Ok, I'm back on the forum and ready to restart my journey. It seems I've taken a long vacation from doing what I need to do...kind of like nearly 2 years. I haven't gained any weight back, I just haven't lost any. So now it begins...I am determined to do this.
Just a recap. I was banded in Oct 2009. My journey began at 309. I had great success early on then I, let me stress I stopped doing what I needed to do. For at least 18 months I have been up and down from 245-252. The lowest I have ever been with the band was 237 for maybe a minute on one random day. I usually stayed between 242-245.
I have decided that I have slacked off long enough. I have gone more regulary to the doctor for fills. It had been nearly a year since my last one when I went back in April. I went again in June and again just yesterday. I have to wrap my head around the fact that it doesn't matter how many ccs are in my band (9ccs in a 10cc realize band) but how my body is reacting to what I'm doing or not doing.
I have started going to water aerobics for 2 weeks now. I try to go three times a week Mon/Wed/Fri mornings. I know this will change once school starts. I'll only be able to go twice a week on Tues/Thurs afternoons if I'm lucky. I am determined to make this a priority. I'm planning on cutting back my after school hours to one day week for tutoring this year. I'm not going to stay in that building until 7pm this year. I am also going to be back in grad school to earn the next level of certification. I think more than ever, I will need the exercise of either water aerobics or Curves as an outlet for stress.

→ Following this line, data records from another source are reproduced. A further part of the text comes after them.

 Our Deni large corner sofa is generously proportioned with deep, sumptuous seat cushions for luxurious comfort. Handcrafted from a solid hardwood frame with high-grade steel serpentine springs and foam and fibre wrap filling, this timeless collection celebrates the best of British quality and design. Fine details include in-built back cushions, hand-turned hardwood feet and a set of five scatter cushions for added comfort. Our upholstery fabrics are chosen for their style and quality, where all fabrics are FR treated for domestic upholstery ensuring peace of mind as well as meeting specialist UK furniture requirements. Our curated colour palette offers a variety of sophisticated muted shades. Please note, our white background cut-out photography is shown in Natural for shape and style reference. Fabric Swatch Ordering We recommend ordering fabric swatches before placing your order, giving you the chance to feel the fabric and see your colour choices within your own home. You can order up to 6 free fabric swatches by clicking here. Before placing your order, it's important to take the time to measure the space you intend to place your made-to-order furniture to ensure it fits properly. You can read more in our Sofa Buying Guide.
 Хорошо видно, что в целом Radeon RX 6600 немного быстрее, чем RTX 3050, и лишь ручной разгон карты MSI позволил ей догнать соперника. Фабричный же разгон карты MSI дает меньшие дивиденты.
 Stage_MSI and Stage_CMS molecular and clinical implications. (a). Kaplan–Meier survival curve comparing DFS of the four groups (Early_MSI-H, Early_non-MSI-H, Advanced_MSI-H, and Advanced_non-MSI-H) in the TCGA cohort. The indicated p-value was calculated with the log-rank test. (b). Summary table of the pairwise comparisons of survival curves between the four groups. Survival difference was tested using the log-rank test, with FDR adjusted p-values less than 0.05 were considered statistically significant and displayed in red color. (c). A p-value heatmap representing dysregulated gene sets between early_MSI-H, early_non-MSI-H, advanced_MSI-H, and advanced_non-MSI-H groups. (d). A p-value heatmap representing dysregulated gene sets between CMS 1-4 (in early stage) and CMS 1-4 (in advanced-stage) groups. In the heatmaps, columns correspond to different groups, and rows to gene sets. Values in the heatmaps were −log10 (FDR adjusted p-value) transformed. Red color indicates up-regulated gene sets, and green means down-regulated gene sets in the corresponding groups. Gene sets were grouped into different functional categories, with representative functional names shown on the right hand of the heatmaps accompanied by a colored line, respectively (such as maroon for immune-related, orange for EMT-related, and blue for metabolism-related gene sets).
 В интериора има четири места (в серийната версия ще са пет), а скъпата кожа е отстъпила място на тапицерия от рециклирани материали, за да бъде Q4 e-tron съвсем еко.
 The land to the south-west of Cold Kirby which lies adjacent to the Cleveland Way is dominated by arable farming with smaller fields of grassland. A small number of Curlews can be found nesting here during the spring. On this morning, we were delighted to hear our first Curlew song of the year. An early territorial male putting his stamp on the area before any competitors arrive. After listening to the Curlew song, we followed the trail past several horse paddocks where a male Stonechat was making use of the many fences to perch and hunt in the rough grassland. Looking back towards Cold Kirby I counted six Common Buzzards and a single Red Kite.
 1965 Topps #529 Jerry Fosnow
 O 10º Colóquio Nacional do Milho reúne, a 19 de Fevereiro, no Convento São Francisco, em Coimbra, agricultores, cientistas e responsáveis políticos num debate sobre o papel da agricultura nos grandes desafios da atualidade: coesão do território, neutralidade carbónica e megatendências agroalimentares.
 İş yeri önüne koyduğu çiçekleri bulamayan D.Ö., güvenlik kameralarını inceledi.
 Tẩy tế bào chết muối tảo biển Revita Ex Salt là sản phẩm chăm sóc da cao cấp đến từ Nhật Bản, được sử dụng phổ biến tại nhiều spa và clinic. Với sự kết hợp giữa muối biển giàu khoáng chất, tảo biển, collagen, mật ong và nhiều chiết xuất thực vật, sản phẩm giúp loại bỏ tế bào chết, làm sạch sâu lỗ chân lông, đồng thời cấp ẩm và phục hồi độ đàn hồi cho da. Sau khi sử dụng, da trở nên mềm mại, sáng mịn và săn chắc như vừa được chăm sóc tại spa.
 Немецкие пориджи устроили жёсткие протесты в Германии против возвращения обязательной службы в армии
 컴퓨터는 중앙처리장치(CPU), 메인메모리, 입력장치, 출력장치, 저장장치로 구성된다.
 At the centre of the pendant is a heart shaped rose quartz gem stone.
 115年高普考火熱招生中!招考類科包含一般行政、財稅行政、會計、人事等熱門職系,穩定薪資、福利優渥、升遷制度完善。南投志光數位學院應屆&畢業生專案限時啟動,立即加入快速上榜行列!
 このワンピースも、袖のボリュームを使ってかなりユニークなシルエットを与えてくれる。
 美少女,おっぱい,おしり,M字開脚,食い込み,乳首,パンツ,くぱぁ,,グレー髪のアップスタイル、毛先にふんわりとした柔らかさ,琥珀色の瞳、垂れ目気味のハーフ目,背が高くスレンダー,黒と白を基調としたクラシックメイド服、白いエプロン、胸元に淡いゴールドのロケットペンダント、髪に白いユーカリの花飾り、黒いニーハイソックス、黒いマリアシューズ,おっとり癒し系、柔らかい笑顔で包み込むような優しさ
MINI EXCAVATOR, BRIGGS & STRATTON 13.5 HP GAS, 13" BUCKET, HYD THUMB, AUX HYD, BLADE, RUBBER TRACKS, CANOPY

I am blessed to have a supportive family. My husband and son are wonderful. My son, who is 19, always talks about whether I should really try to eat something. He worries. My husband is there for whatever I need. Last night I had such painful gas trapped as I was trying to sleep that he woke up and rubbed my back for 30 minutes in the middle of the night when he had to get up and go to work.
So I guess in rambling about all of this, I am trying to tell myself that I have no excuses. So here I go!